__What needs to be done__
Leave out the pictures, and retype only the lines from the beginning of the material through the line that contains "Ak Sänger Cliff", including both.

═══ Exercise data ═══

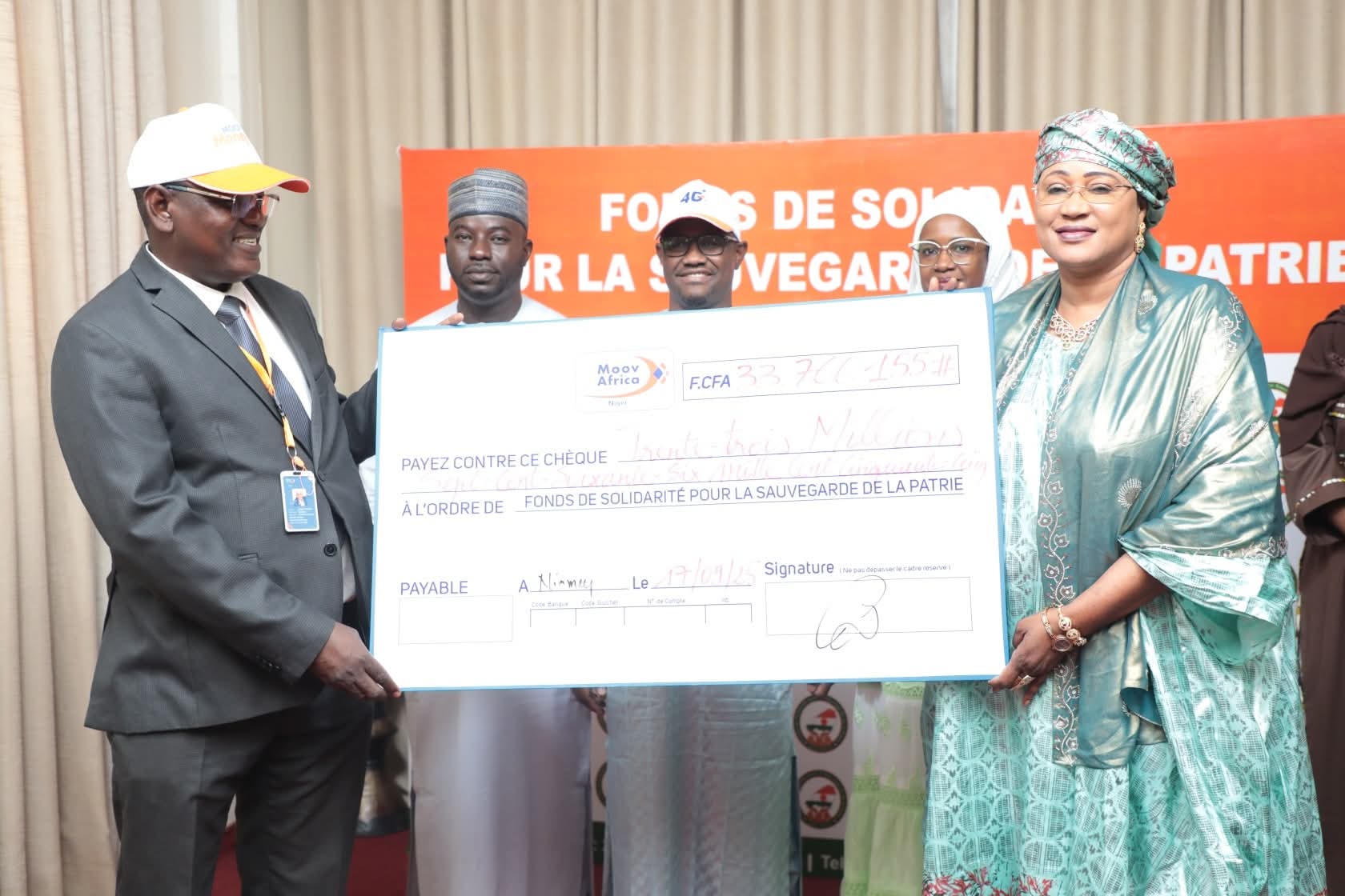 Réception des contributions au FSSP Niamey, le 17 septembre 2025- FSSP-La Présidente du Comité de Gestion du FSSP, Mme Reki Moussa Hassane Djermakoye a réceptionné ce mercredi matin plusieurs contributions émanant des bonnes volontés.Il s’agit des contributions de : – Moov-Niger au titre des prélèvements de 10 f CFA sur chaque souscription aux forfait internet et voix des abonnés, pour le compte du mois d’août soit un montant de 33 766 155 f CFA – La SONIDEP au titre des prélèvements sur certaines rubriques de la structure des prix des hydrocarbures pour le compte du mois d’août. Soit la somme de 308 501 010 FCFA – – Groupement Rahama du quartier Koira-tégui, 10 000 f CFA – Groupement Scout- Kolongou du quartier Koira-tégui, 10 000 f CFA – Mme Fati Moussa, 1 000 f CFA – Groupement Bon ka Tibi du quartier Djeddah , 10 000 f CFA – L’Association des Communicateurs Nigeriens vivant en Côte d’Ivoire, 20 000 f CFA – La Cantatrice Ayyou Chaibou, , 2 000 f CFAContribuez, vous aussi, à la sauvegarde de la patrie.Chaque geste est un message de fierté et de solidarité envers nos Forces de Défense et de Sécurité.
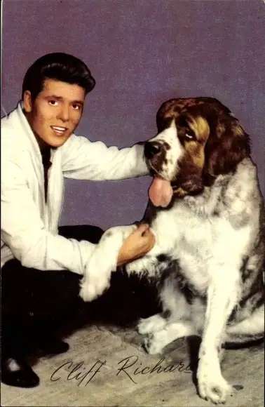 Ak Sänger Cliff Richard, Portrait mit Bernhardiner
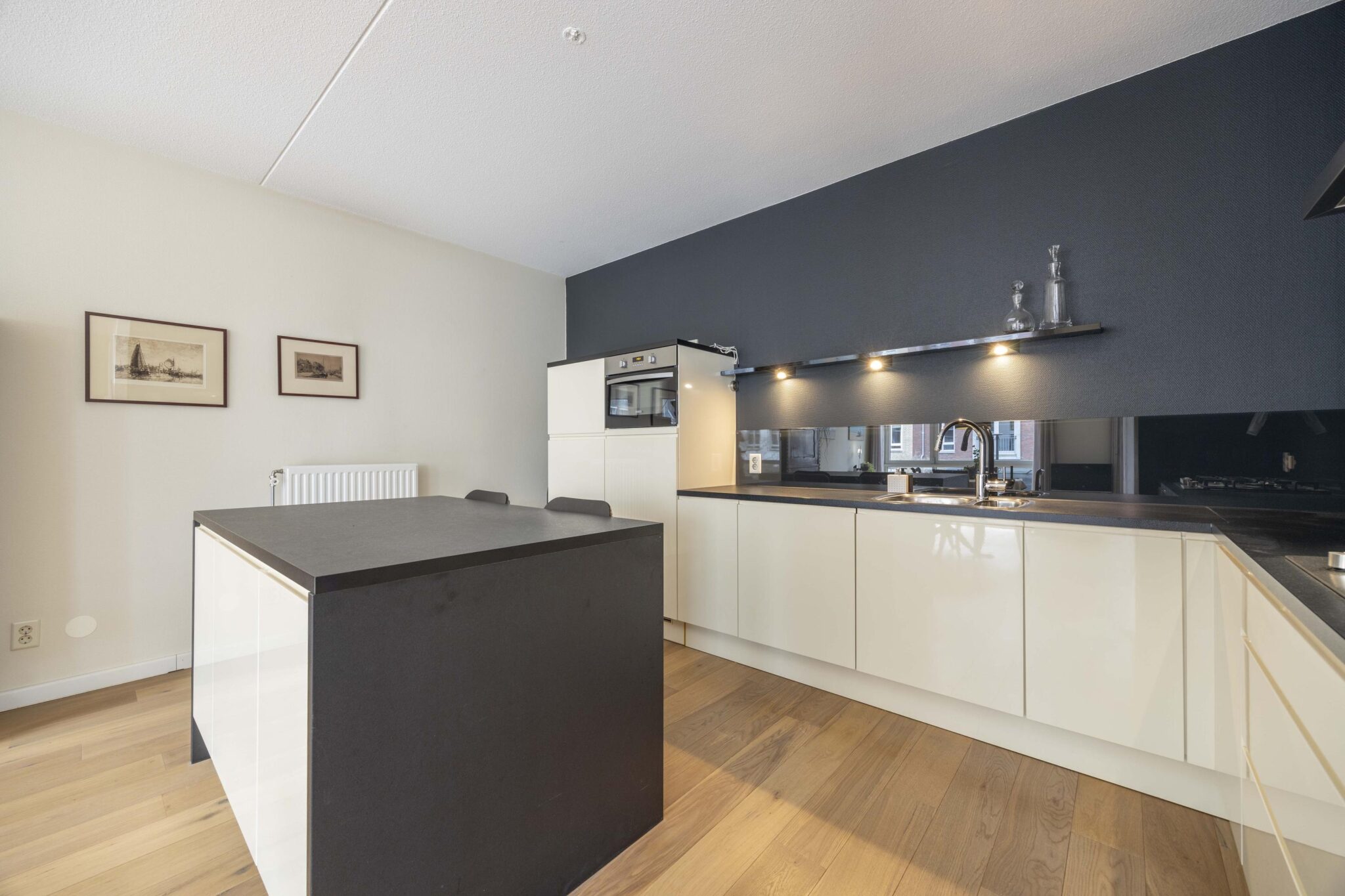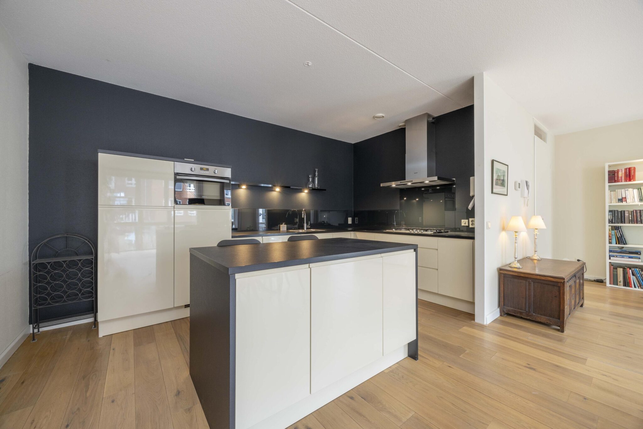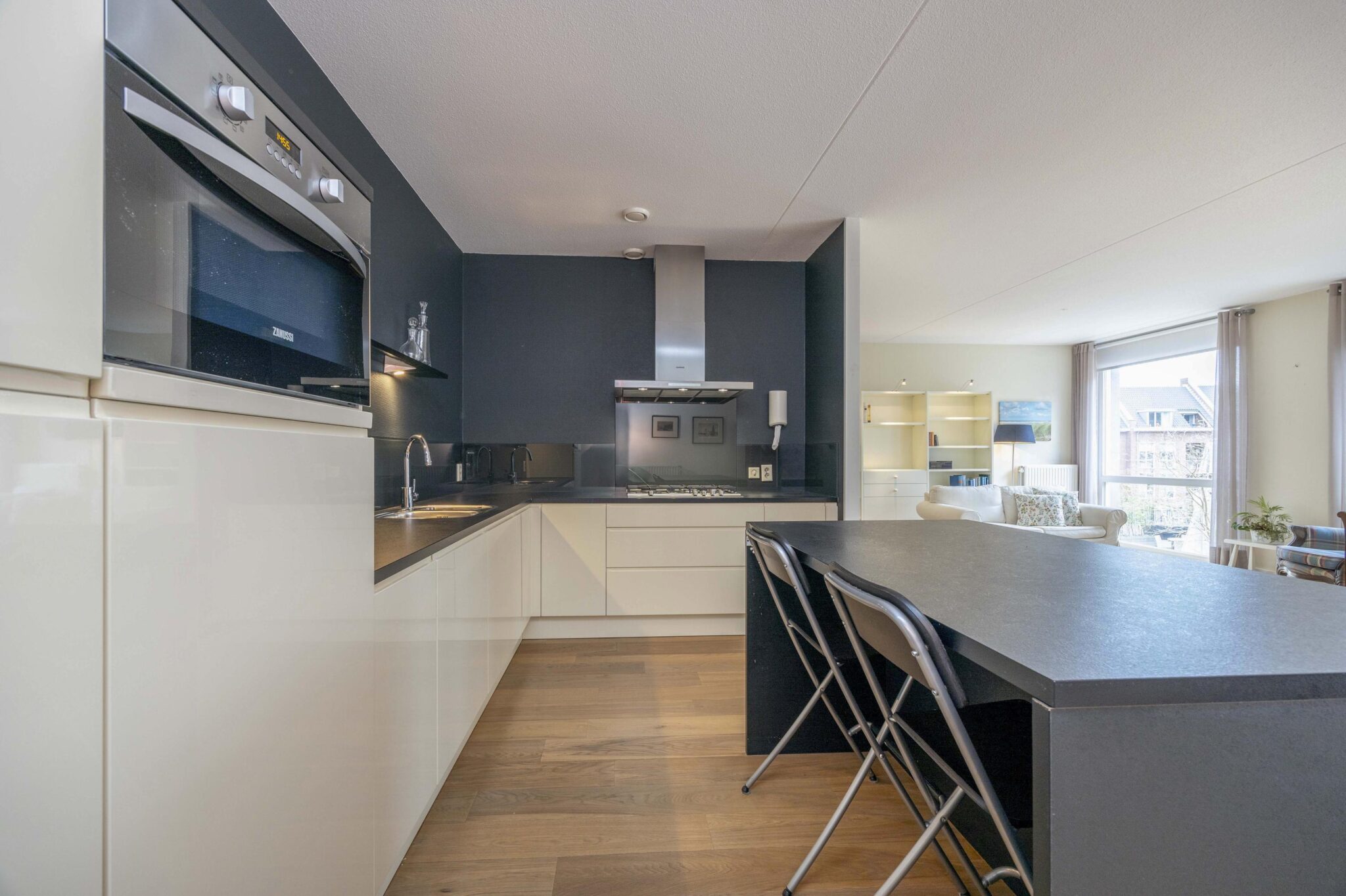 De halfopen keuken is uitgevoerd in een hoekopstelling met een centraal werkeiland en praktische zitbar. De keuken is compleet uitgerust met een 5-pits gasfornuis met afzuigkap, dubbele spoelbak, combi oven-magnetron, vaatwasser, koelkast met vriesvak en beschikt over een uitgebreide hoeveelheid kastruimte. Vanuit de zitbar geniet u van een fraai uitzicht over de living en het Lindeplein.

═══

__Written response__
 Réception des contributions au FSSP Niamey, le 17 septembre 2025- FSSP-La Présidente du Comité de Gestion du FSSP, Mme Reki Moussa Hassane Djermakoye a réceptionné ce mercredi matin plusieurs contributions émanant des bonnes volontés.Il s’agit des contributions de : – Moov-Niger au titre des prélèvements de 10 f CFA sur chaque souscription aux forfait internet et voix des abonnés, pour le compte du mois d’août soit un montant de 33 766 155 f CFA – La SONIDEP au titre des prélèvements sur certaines rubriques de la structure des prix des hydrocarbures pour le compte du mois d’août. Soit la somme de 308 501 010 FCFA – – Groupement Rahama du quartier Koira-tégui, 10 000 f CFA – Groupement Scout- Kolongou du quartier Koira-tégui, 10 000 f CFA – Mme Fati Moussa, 1 000 f CFA – Groupement Bon ka Tibi du quartier Djeddah , 10 000 f CFA – L’Association des Communicateurs Nigeriens vivant en Côte d’Ivoire, 20 000 f CFA – La Cantatrice Ayyou Chaibou, , 2 000 f CFAContribuez, vous aussi, à la sauvegarde de la patrie.Chaque geste est un message de fierté et de solidarité envers nos Forces de Défense et de Sécurité.
 Ak Sänger Cliff Richard, Portrait mit Bernhardiner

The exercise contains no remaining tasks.